The endothelium is a major source of tissue factor pathway inhibitor (TFPI), the endogenous regulator of TF-induced coagulation, and a significant proportion of the expressed TFPI remains associated with the endothelial surface.


Phosphatidylinositol-specific phospholipase C (PI-PLC) treatment reduced TFPI at the surface of cultured endothelial cells by approximately 80%, and at least a portion of the TFPI released by PI-PLC contained an intrinsic glycosylphosphatidylinositol (GPI) anchor that is recognized by anti-crossreactive determinant antibodies.
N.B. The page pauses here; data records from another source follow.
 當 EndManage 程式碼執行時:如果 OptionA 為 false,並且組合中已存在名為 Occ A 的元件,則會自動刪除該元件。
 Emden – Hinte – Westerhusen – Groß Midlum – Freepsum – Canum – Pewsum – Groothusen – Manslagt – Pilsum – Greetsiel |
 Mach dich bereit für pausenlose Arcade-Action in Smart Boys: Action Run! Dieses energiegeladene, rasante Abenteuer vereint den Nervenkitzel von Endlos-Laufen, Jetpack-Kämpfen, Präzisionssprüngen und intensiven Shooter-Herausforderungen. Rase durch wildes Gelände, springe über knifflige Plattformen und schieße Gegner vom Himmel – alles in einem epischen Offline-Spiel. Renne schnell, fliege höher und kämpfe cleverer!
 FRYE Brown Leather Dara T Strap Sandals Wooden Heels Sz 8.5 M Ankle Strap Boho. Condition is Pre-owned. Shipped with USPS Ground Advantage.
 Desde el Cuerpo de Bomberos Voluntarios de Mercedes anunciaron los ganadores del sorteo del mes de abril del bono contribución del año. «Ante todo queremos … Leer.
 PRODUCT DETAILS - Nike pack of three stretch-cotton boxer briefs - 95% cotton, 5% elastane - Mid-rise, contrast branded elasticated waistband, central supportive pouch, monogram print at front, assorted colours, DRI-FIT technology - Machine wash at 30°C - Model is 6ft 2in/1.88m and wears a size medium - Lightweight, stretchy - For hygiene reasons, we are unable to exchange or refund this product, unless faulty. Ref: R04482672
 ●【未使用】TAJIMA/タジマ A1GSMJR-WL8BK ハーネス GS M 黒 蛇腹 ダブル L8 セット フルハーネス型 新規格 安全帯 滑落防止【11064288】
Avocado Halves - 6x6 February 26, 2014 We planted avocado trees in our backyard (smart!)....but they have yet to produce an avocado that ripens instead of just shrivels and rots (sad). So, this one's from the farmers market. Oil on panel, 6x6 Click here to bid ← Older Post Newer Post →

Endothelial cells express both of the alternatively spliced forms of TFPI mRNA at a ratio of TFPIbeta/TFPIalpha mRNA of approximately 0.1 to 0.2. In Chinese hamster ovary (CHO) cells, TFPIalpha is predominantly secreted, whereas TFPIbeta is a GPI-anchored membrane protein. Like TFPIbeta, the small proportion of the TFPIalpha expressed by CHO cells that remains surface associated is also released by PI-PLC treatment, suggesting that it is bound to a separate GPI-anchored protein(s) at the surface of the cells.


Both direct (TFPIbeta) and indirect (TFPIalpha) GPI-mediated membrane anchorage is involved in localizing TFPI to the surface of cells.